Special attention should be paid to microwave ovens. They are designed to emit a high-level 2.45 GHz signal within the oven itself but are shielded to prevent most of this energy from leaking outside of the oven. However, some of the energy does leak out and can interfere with other devices that operate in this 2.4 GHz frequency region such as WLAN and Bluetooth. The wearer should be counseled on the potential for interference and move farther away from the potential EM source if needed.

Figure 1 shows the paths in which EM interference may occur in a wireless digital hearing aid. The following is a more detailed description of the impact of interference through each of these four routes. We will first address EM interference in all hearing aids and in wireless aids, along with a discussion of how hearing aid manufacturers address these issues, before turning to the issues of telecoil and ultrasonic interference.

#1) Electromagnetic Interference in All Hearing Aids (Wireless and Non-Wireless) as With Cell Phones

The circuitry of a hearing aid is vulnerable to interference from radiated electromagnetic energy because the electronic circuit components can act as antennae to pick up the EM energy and pass it along as noise. The frequency at which an EM field oscillates is an important factor in generating interference in a hearing aid. The higher the frequency of oscillation (thus, shorter wavelength), the more significant is the effect of the voltage change on the very small components used in hearing aids.2

While any EM device can produce interference in a hearing aid, digital cell phones have been a significant source of problems in the past. This is due to the high frequency and modulation of the generated EM field and the proximity to the hearing aid when held against a person’s ear. When the EM field produced by the phone’s antenna is within centimeters of the user’s hearing aid, a strong electric current and voltage is induced on the hearing aid circuitry.

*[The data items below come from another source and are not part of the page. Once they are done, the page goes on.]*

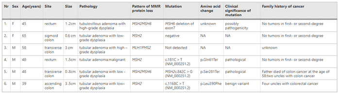朱方超等人[2]对大肠息肉LS筛查策略的研究中,对508例常规腺瘤进行分析,6例腺瘤为dMMR,占所有腺瘤的1.18%。6例腺瘤的发病位置无明显差异,平均年龄50岁,腺瘤平均大小1.7 cm,其中2例腺瘤高度不典型增生,一例伴有恶性成分,其余两例没有进展但有癌症家族史。5例患者进行了MMR基因检测,结果两例为致病性突变,一例疑似致病性突变。文章得出结论:可以通过选择患者或息肉来提高筛查策略。比如可以关注存在高危特征的患者,如体积大、绒毛状、高度不典型增生和伴有恶性成分等。
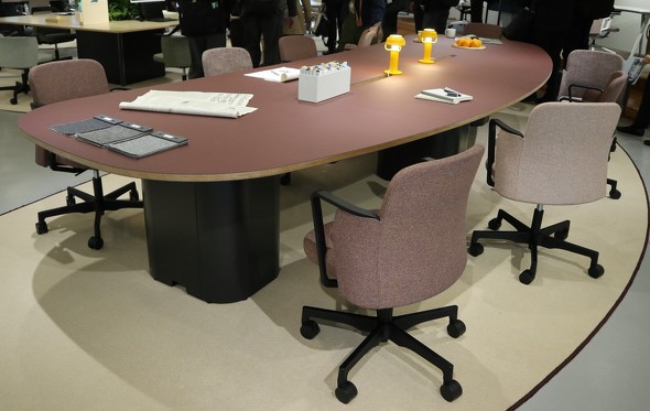 今回、多様な働き方に合わせてテーブルワークを発展させるため、「Commons Table System-i(コモンズテーブルシステム アイ)」に新モデルを追加。カーブデザインの天板を持つ大型テーブルと、足元にゆとりを持たせるインセット構造のコア脚を組み合わせ、広いテーブル空間で自由な位置に座れるようにした。多人数のディスカッションから少人数の打ち合わせまで柔軟に使える点が特徴だ。少人数用サイズや半円形天板モデルも展開する。
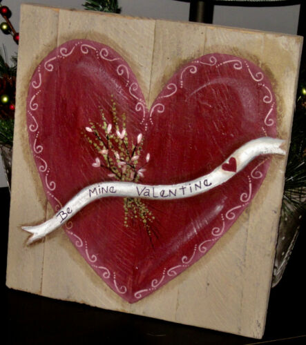*~*PRIMITIVE*~* HP FOLK ART PRIM HEART *~* BE MY VALENTINE *~* RECLAIMED WOOD
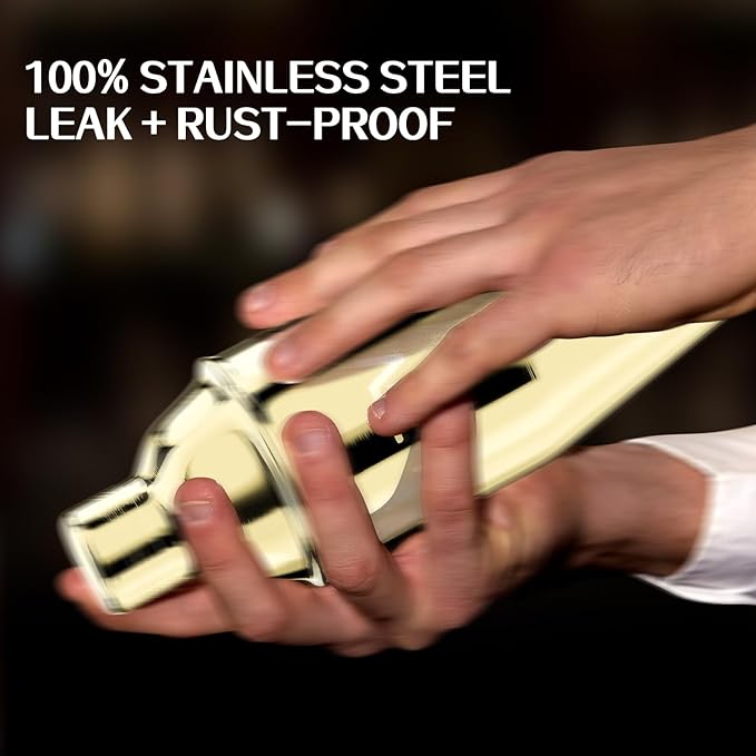 - LEAK PROOF AND DURABLE: This cocktail mixer is made of high-quality, rust-proof, and food-grade stainless steel that makes it perfect for creating mouth-watering beverages at every party, while remaining shiny for years to come. The leak proof lid prevents the drinks from spilling, and is also easily detachable. The entire cocktail making kit is dishwasher safe.
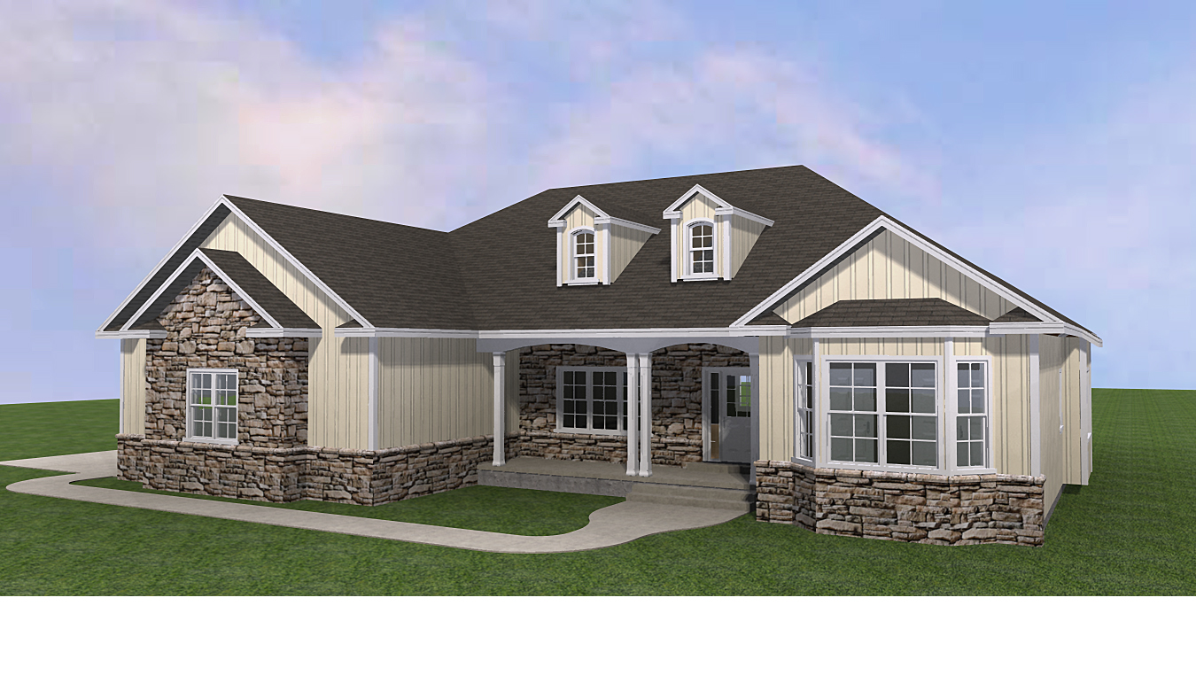 a modern house retain the exact structure colors and window arrangement rooflines siding foundation height and proportions exactly as shown in the reference image integrate into the terrain there are just a few trees mixed hardwoods that are mostly on the sides of the image add cooler afternoon sunlight subtle dappled highlights across the siding and grass create ultra realistic lighting crisp shadows detailed textures in the siding and glass reflections and an overcast sky show only a few lights visible inside render in hyper realistic architectural visualization quality 8k resolution add a driveway tying into the concrete garage door apron make it the summer season add realistic landscape
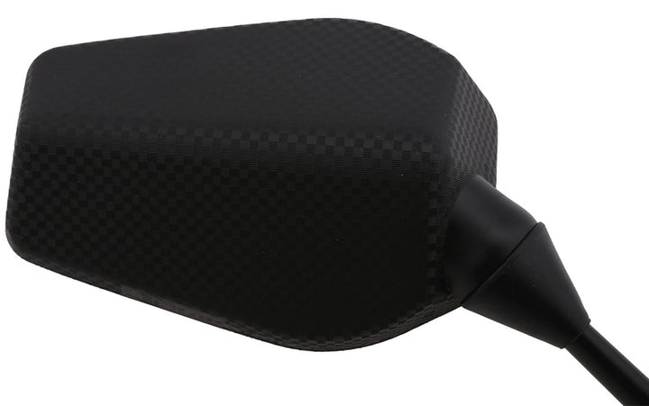 V-Parts tilbyder både et bredt udvalg af universelle spejle og godkendte sidespejle, som er specielt udviklet til OE cykelapplikationer. Montering: Fairing Farve: Kulstof Afstand mellem bolte: 48 mm Fastgørelse: Trous Homologation: CE godkendt Inkluderer blinklys: Nej Materiale: Plast Spejl højde (mm): 90.0 Spejl bredde (mm): 105.0 Pakning: à l'unité Position: Højre Form: Rektangel
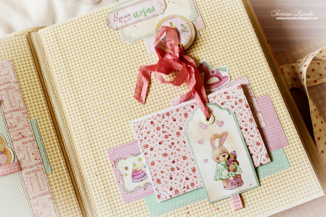 Данный альбом был задуман в розово-желтой палитре и я использовала для этого листы бумаги из пяти коллекций ТМ ScrapMir! Основной набор - это конечно же Little bunny. А вот сможет ли кто-нибудь из вас разглядеть в альбоме листы из остальных четырех коллекций? Пишите в комментариях и самому первому, самому внимательному я обещаю подарок! ;)
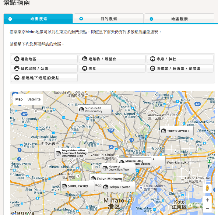 東京Metro的網站上,也有幫大家標注出來各大景點的相對地鐵線路位置,這是做東京景點旅行功課非常好用的資料之一。
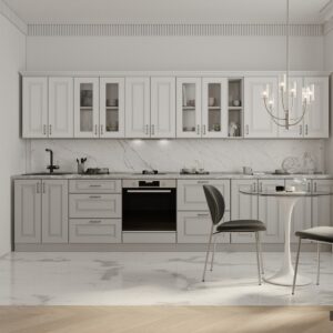 Кухня Лонгфорд 3,55‑2 (Белый Супермат / Сильвер)
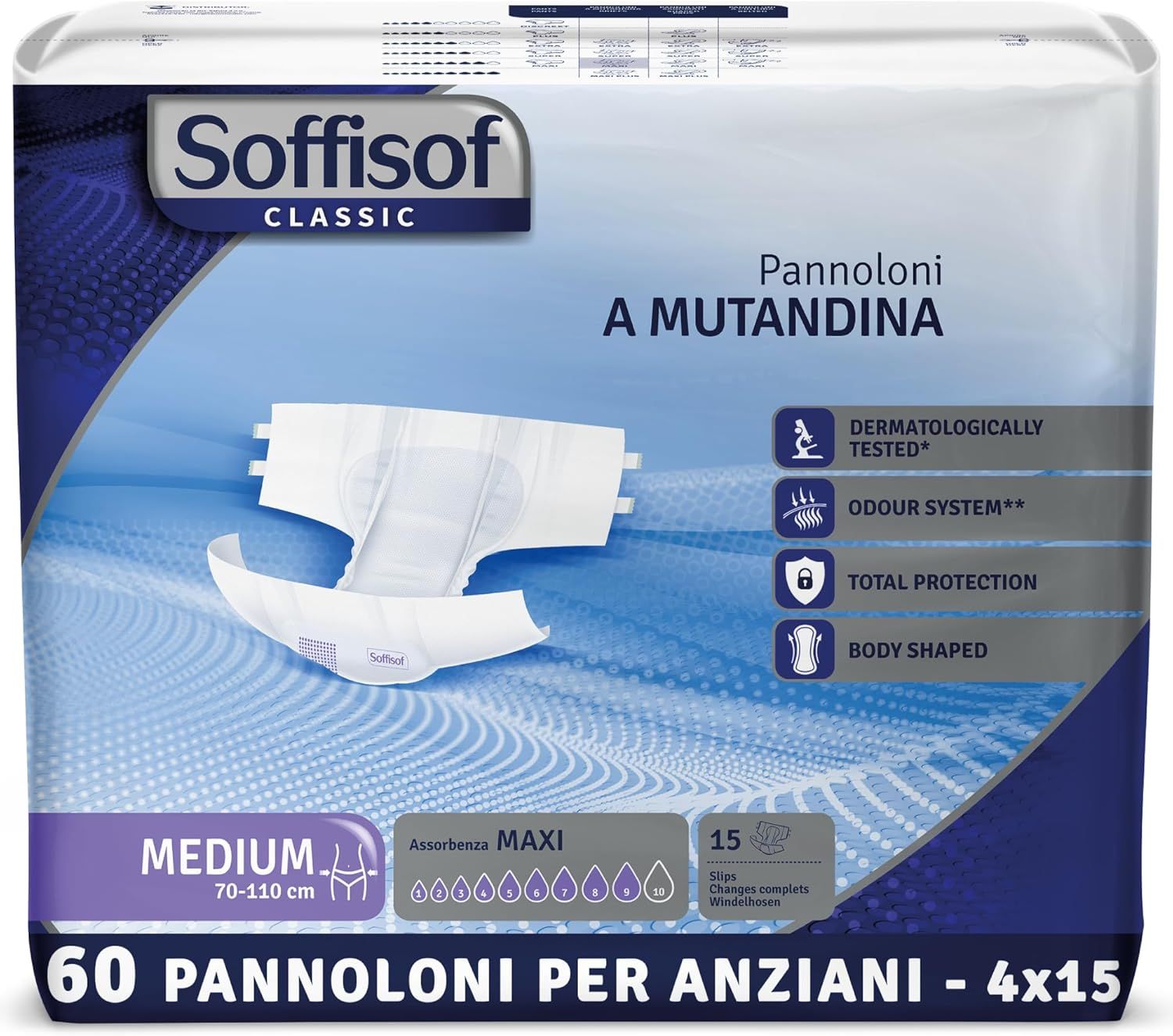 Soffisof Classic è la soluzione ideale per coloro che cercano una protezione affidabile e discreta contro l’incontinenza moderata. Un pannolone pensato per offrire benessere, libertà e serenità nella vita di tutti i giorni.

Furthermore, because the EM field of a digital cell phone is modulated at a much lower frequency, it can cause audible interference in a hearing aid. The type and amount of interference depends on the type of modulation used. For example, GSM (Global System Mobile, commonly used in the United States and worldwide) cell phones use a digital modulation scheme where a transmitted pulse is sent every 4.62 ms. This corresponds to a modulation frequency of 217 Hz and can be heard as a loud buzz when the cell phone is placed close to the hearing aids. Figure 3 shows the modulation pulses seen in a GSM cellular phone.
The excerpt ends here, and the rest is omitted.